Two variables are correlated when they move together: as one rises, the other tends to rise (a positive correlation) or fall (a negative correlation). A correlation on its own never shows that one variable causes the other.
- Pick a scenario in the title bar. Each dot is one case (a day, a child, a fire).
- Predict first: does one variable cause the other? Then reveal the hidden variable. The dots are recoloured by it, from low (blue) to high (red), and you can see it drives both.
- r is the correlation coefficient, from −1 (perfect negative) through 0 (none) to +1 (perfect positive). It measures how closely the dots follow a straight line, not whether one causes the other.
Why a correlation might not be causal
- A third (confounding) variable drives both, as in every scenario here: temperature, age, how serious the fire is.
- Reverse causation: B might cause A, not A cause B.
- Chance: with enough variables, some will correlate by coincidence.
To show causation, researchers use an experiment: they change the independent variable themselves, keep other variables the same (or assign participants at random), and measure the effect on the dependent variable.
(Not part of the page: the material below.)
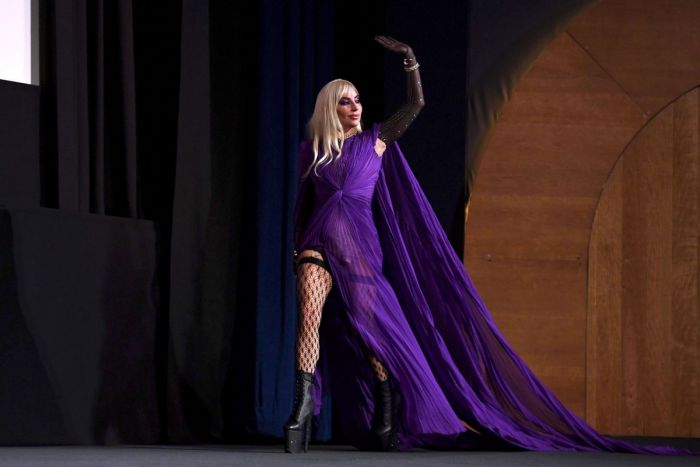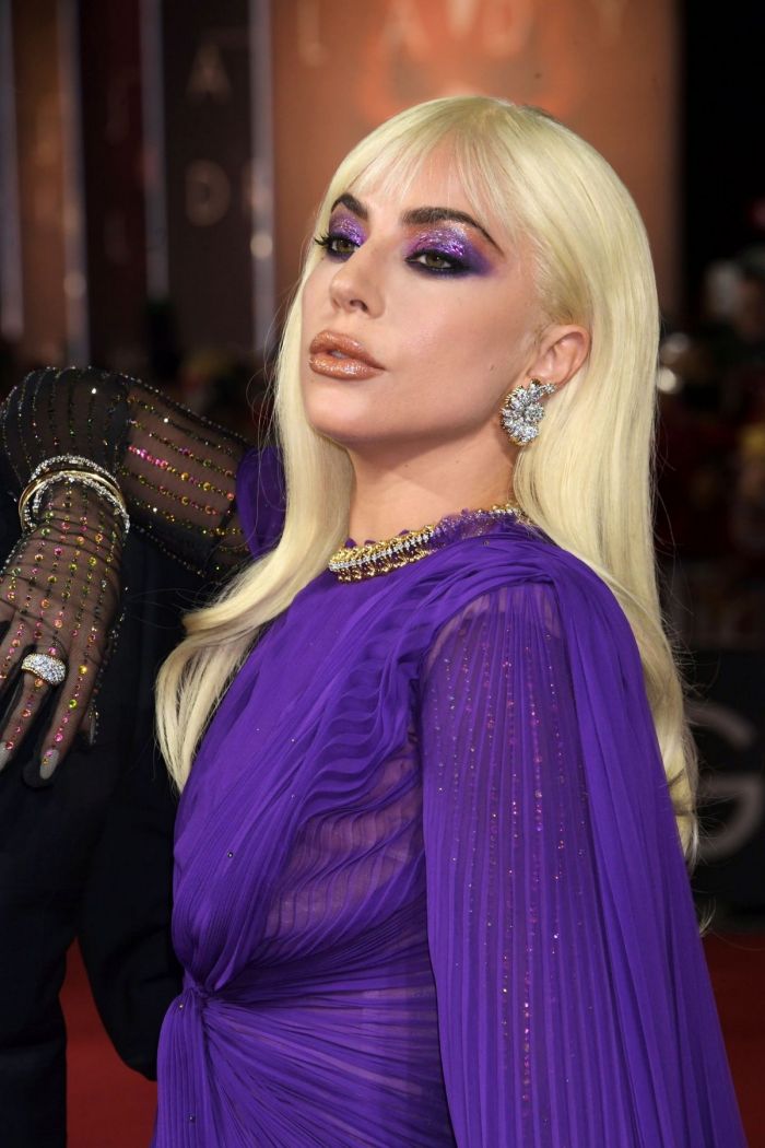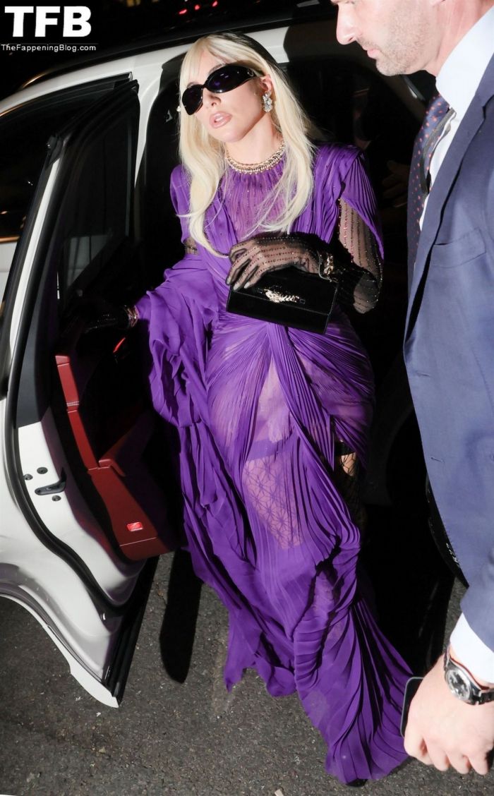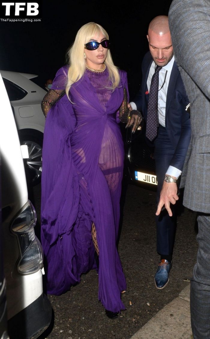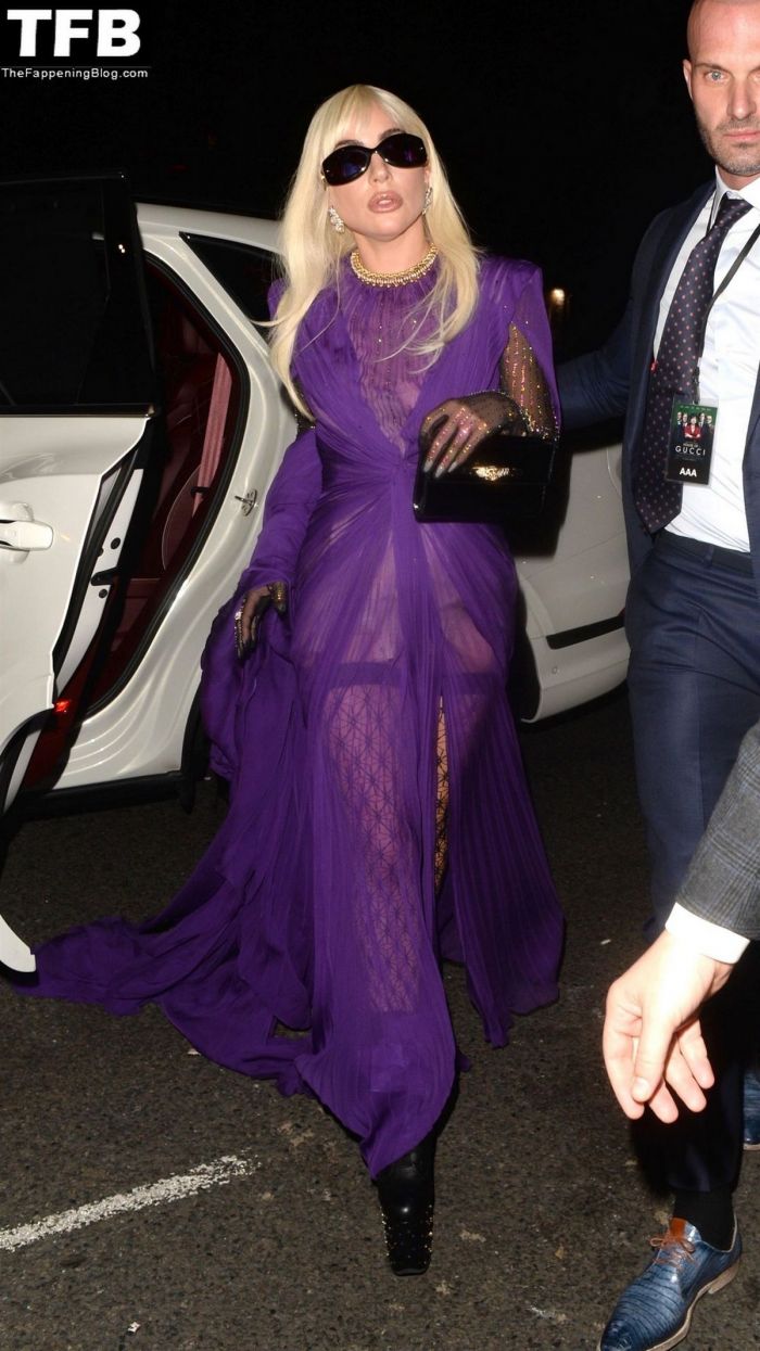 35-летняя американская певица, автор песен, продюсер, филантроп, дизайнер и актриса Леди Гага (Lady Gaga) в сексуальном платье позирует на красной дорожке для премьеры "Дома Гуччи" в Лондоне, Великобритания.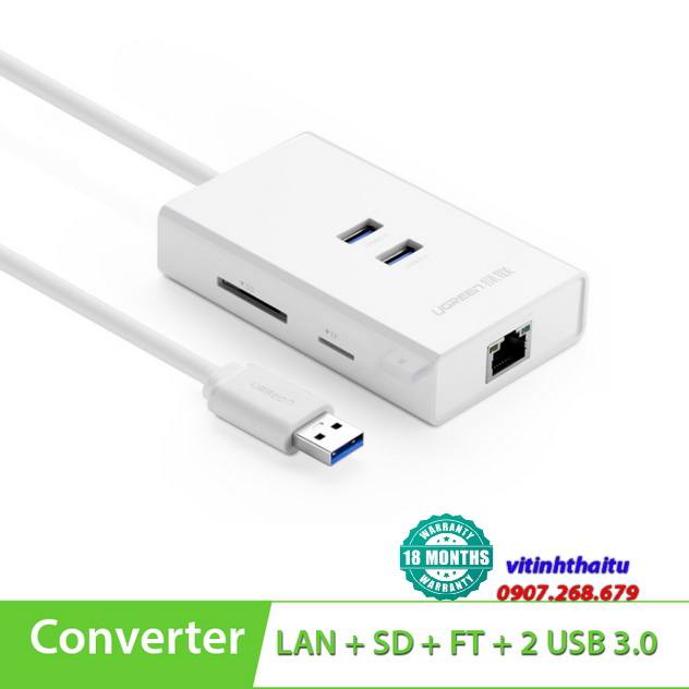 Bộ chia cổng USB 3.0 ra 2 cổng USB - 1 Lan Gigabit USB 3.0 + đầu đọc SD/TF Ugreen 20248 cao cấp

Common exam mistakes: writing "proves" for a correlation; forgetting that a correlation can be negative; and saying a correlational study can't be useful, when it can show that variables are related and suggest what to test in an experiment.
Objective: explain the difference between correlation and causation, and how a third variable can produce a correlation (for example, IB Psychology research methods; Cambridge International AS Level Psychology 9990, research methods; IB Theory of Knowledge, knowledge and evidence in the human sciences).